Господи, хренова Санта-Барбара. Но уж лучше так, чем бездействовать и бегать за ним по пятам, читая нотации. Я вот в их родстве ни на мгновение не сомневаюсь, пусть и больно осознавать, что сестра столько лет хранила молчание. Словно я зверь какой! Поплакала бы, попереживала, но наверняка поняла бы. Со временем.

Мышкой прокрадываюсь в спальню и, включив на телефоне фонарик, исследую Сонину подушку. Везёт мне – один светленький волосок беззаботно свисает с наволочки... Только хватит ли одного?

Дожила, твою мать! Как преступница какая-то биоматериалы краду! Нервно передёргиваю плечами, когда малышка переворачивается и занимает мою половину, и решаю ещё и расчёску её прихватить. Для верности. Там уж точно волос предостаточно.

– У тебя что, вообще, пожрать нечего? Ну ты даёшь, Вась! – возвращаюсь в кухню, а Некрасов уже нагло шарит по моему пустому холодильнику! – Он у тебя для красоты, что ли?

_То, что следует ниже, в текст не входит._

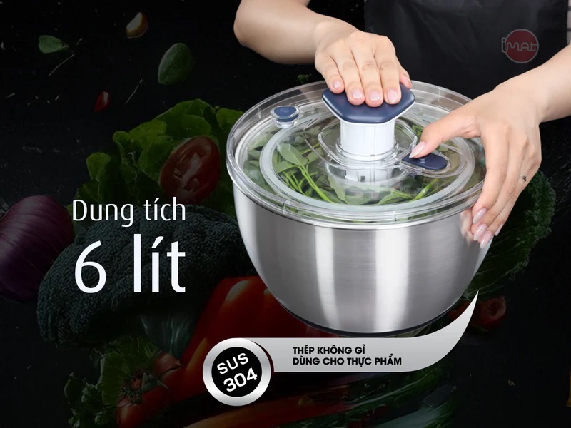 Với rổ quay rau iMat, mọi thứ đơn giản hơn nhiều: chỉ cần bơm – và bơm, bạn sẽ có ngay phần rau ráo nước tới 72% mà không cần dùng lực. Cơ chế bơm lực quay ly tâm tạo tốc độ lên đến 500 vòng/phút khi có rau (và tới 700 vòng/phút khi không tải), giúp đẩy nước ra khỏi bề mặt lá rau nhanh chóng, nhẹ nhàng mà vẫn giữ nguyên độ giòn và tươi của rau.

– Дома пожрёшь! – дверцу закрываю, ничуть не смутившись своей никчёмности – уж он-то знает меня, как облупленную – и пихаю ему в руку всё необходимое. Не уверена, что так можно отцовство установить, но попытка не пытка.

– И вали уже, пока Соня не проснулась.

С неё предательств точно достаточно: сначала мать, теперь ещё и Максим... Ведь ещё неизвестно, что хуже: не знать своего папу или видеть, как он отказывается тебя признавать.

Глава 3

– Смотрите, как я умею! – сегодня на улице солнечно и мы с Соней устроились на лавочке во дворе. Она выполняет какие-то нелепые акробатические этюды, а я улыбаюсь как дурочка, восторженно выкрикивая: « Как же здорово!»

А что в этом хорошего так и не поняла! Десять минут любуюсь тем, как она то задерёт ногу, то неуклюже прыгнет вперёд, при этом отсвечивая, как медный пятак, и никак не нахожу ответ: чем же тут восхищаться? Другие мамочки вон делают это вполне искренне, а у меня щёки болят от неестественной улыбки!

Впрочем, ответ на поверхности – то мамочки, а я жертва обстоятельств. Причём невинная, и отыгрываются на мне все кому не лень: с утра Некрасов, нагрянувший с первыми петухами; потом кот Василий, расцарапавший мне правую ногу за то, что я чуть на него не села, а час назад Толик... И вот последний орал неистово, размахивая перед моим лицом Ириной статьёй.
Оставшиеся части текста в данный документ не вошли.